Giter VIP home page Giter VIP logo

biophp's Introduction

BioPHP - PHP Bioinformatics class

BioPHP is an easy to use open source project. BioPHP implements a selection of simple tools for manipulating genomic data. PHP 7 has benchmarked much faster than Python, this class aims to build tools for basic RNA, DNA, and Protein manipulation.

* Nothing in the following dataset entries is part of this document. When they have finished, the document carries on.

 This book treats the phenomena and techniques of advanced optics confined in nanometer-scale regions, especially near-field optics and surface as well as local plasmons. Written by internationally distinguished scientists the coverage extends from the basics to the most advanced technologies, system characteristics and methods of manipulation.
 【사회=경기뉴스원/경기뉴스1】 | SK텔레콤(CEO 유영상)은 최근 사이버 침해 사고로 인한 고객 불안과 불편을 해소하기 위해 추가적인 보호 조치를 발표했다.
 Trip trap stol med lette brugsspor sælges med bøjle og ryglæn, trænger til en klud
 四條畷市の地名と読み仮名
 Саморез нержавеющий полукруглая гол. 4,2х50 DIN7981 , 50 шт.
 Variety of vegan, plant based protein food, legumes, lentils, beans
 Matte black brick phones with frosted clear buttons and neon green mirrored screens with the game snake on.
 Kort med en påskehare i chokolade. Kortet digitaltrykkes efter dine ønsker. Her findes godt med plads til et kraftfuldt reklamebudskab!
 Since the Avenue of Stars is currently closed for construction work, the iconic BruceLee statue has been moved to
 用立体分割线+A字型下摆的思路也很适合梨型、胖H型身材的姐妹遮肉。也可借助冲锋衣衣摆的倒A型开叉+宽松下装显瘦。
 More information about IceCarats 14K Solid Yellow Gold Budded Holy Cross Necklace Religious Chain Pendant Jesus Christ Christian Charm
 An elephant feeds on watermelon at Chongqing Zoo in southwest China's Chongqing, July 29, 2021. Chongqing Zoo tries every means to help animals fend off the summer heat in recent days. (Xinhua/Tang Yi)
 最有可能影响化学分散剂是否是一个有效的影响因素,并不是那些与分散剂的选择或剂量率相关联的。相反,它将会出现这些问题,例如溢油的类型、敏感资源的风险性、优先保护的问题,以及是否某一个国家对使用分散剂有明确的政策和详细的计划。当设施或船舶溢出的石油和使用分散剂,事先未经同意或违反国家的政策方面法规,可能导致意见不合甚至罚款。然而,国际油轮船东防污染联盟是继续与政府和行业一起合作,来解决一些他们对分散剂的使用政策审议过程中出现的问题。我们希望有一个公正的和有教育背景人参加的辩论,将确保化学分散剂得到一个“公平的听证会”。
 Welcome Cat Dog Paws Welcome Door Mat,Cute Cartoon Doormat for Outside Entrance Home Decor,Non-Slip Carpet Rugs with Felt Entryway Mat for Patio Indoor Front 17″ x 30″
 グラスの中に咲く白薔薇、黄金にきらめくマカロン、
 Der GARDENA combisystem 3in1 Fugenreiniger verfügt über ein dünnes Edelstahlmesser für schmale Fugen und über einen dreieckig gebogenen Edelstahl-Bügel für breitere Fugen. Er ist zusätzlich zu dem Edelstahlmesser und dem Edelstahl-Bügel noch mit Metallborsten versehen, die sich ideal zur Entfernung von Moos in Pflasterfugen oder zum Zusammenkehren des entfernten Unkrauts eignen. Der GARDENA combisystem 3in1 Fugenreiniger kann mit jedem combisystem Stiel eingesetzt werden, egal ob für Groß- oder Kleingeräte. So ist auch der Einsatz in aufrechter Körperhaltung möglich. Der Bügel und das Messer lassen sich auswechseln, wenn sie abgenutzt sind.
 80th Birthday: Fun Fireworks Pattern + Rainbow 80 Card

Future plans include creating an experimental de novo assembly tool, and online project portal.

Simple Usage:

Find Reverse Complement

$BioPHP = new BioPHP();
$result = $BioPHP->reverseSequence('ATGAAAGCATC');
$result = $BioPHP->complementDnaSequence($result);
//prints TTTCAT

Calculate GC Content

$BioPHP = new BioPHP();
echo $BioPHP->gcContent('ATGAAAGCATC', 4)."\n";
//prints 36.3636

Count Point Mutations Between Two Sequences

$BioPHP = new BioPHP();
echo $BioPHP->countPointMutations('CTGATGATGGGAGGAAATTTCA','CTGATGATGCGAGGGAATATCG')."\n";
//prints 4

Translate DNA Sequence to Amino Acid Sequence

$BioPHP = new BioPHP();
echo $BioPHP->translateDna('CTGATGATGGGAGGAAATTTCAGA')."\n";
//prints LMMGGNFR

Calculate Monoisotopic Mass

$BioPHP = new BioPHP();
$proteinSequence = $BioPHP->translateDna('CTGATGATGGGAGGAAATTTCAGA')."\n";
echo $BioPHP->calcMonoIsotopicMass($proteinSequence)."\n\n";
//prints 906.42041

Finding a Motif in DNA

$BioPHP = new BioPHP();
echo $BioPHP->findMotifDNA('ATAT', 'GTATATCTATATGGCCATAT')."\n";
//prints 3 9 17

Get Reading Frames

$BioPHP = new BioPHP();
print_r( $BioPHP->getReadingFrames('GTATATCTATATGGCCATAT') );

/*
* returns array containing...
Array
(
    [0] => GTATATCTATATGGCCATAT
    [1] => TATATCTATATGGCCATAT
    [2] => ATATCTATATGGCCATAT
)
*/

//Protip: To get all 6 reading frames. Use the reverse and complement methods, then pass the result to getReadingFrames()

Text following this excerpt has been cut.